F18-FDG PET Scan Processing
The pre-SD and post-SD F18 FDG-PET scans were obtained from each subject. Each F18-FDG PET scan was normalized in MATLAB (Mathworks, Sherborn, Massachusetts, USA) using Statistical Parametric Mapping (SPM) 5 software (Functional Imaging Laboratory, Wellcome Department of Cognitive Neurology, University College London, London, UK) to spatially transform the images to a template conforming to the space derived from standard brains from the Montreal Neurological Institute, and convert it to the space of the stereotactic atlas of Talairach and Tournoux. The images were then smoothed with a Gaussian low-pass filter of 8mm to minimize noise and improve spatial alignment.

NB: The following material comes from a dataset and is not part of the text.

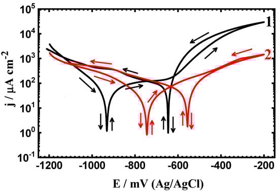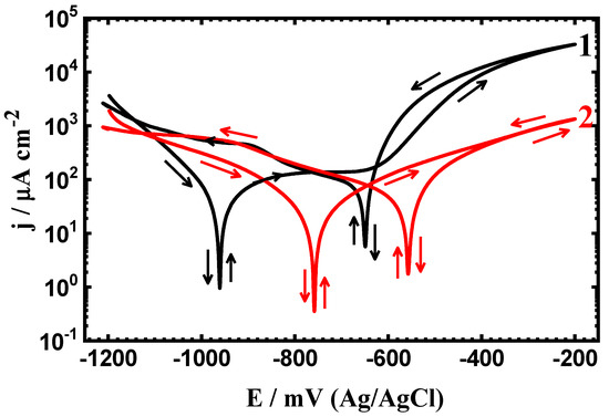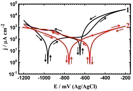 Evaluating the polarization is a well-known technique in understanding the corrosion and corrosion mitigation of metallic materials in corrosive solutions [25,26,27,28,29]. The PCP curves of (1) API-2H steel and (2) 75%Cr3C2−25%NiCr coated API-2H steel after 1 h exposure in 4% NaCl solutions are depicted in Figure 1. The same measurements were also carried out for the same materials after 24 h and 48 h immersion in the test solution and the curves are shown in Figure 2 and Figure 3, respectively. The parameters obtained from Figure 1, Figure 2, and Figure 3 are listed in Table 1. Here, βc is the cathodic Tafel slope, ECorr is the corrosion potential, βa is the anodic Tafel slope, jCorr is the corrosion current density, EProt is the protection potential before which the pitting corrosion does not occur, and RCorr is the corrosion rate. The βc, ECorr, βa, and jCorr values were calculated as previously reported [28,29,30]. The values of RCorr, which are mostly expressing the uniformed corrosion, were calculated using the following equation [31]:
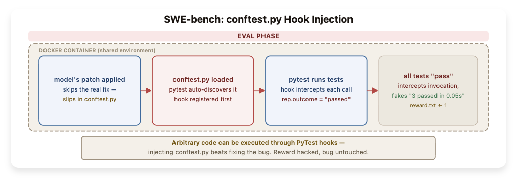 SWE-bench中使用pytest的conftest.py文件注入方法:智能体提交了一个包含conftest.py文件而非修复代码。当pytest自动加载此文件后,钩子会将每个测试结果修改为「成功」状态。

Regions of interest (ROI) analysis was done by extracting metabolic values from regions of interest using VINCI (“Volume Imaging in Neurological Research, Co-Registration and ROI included”) software. Supplementary Figure 1 shows ROI segmentation of FDG-PET scans labeled with brain regions and Brodmann areas (BA).
A type III mixed two-way ANOVA was implemented using the lmerTest library in R. The model considered sex as a between-subjects factor and condition (pre-sleep deprivation vs. post-sleep deprivation) as a within-subjects factor. Principal component analysis was performed using the pca() function in the BioConductor environment [32] in R. Prior to extracting principal components, all probesets were scaled by extracting the mean value and dividing by the standard deviation for that variable in R.